This paper is organized as follows. Related work is covered in Sections 2 and 3 discusses the study area and dataset. Section 4 describes the four algorithms whose results are combined to estimate the extent of flooding. Sections 5 and 6 discuss the experimental results and the performance evaluation, respectively. Section 7 concludes the paper with closing remarks and scope for future work.
Related work
The ubiquity of smartphones [9] has made crowdsourcing a handy appliance for timely acquisition of a vast amount of textual, graphic and visual image information that afford valuable raw data for subsequent processing. Various flood monitoring and management systems have been developed, but very few using crowdsourced data [10, 11]. [12] suggested a novel crowdsourcing approach for urban flood management, through which pertinent information for rescue relief and flood status can be disseminated in real-time. Researchers have investigated the prevalence and importance of crowdsourcing in diverse scenarios; but, leveraging such information for determination of the flood depth is new. [13] proposed an algorithm for the extraction and analysis of social media posts during a flood event. Analysis of crowdsourced images to estimate flood extent, using deep learning and fuzzy logic based computer vision algorithms, is a novel idea.
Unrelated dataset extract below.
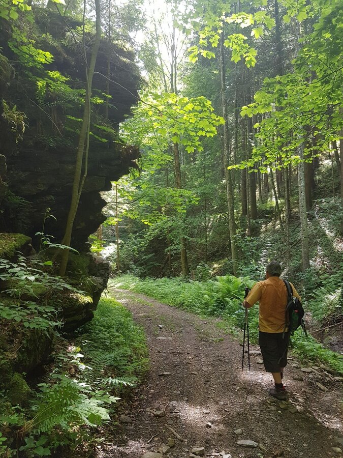 Weiter geht es vorbei am Hohenwartstein und bergauf zur Melanie Quelle. In weiterer Folge hält man sich auf dem Waldweg bzw. dem Gemeindeweg bis man zur Burgruine Ehrenfels gelangt. Dort geht es dann nach einem kurzen Abstieg wieder bergauf zur Katharina Quelle und weiter zum Novystein mit seiner schönen Aussicht.

In a recent study, [4] estimated the extent of flooding by analyzing crowdsourced images. The algorithm involved two major steps: 1) water segmentation 2) face detection. [14] proposed a water ruler method for detection of water level, to compare virtual markers, using images captured by Closed Circuit Television (CCTV). Geotagged images of flood scenes were feature matched with a reference image, using the scale invariant feature transform (SIFT) algorithm, for estimation of the flood line [5]. The major drawback of these methods is that they were tailor-made for a scene that cannot be generalized.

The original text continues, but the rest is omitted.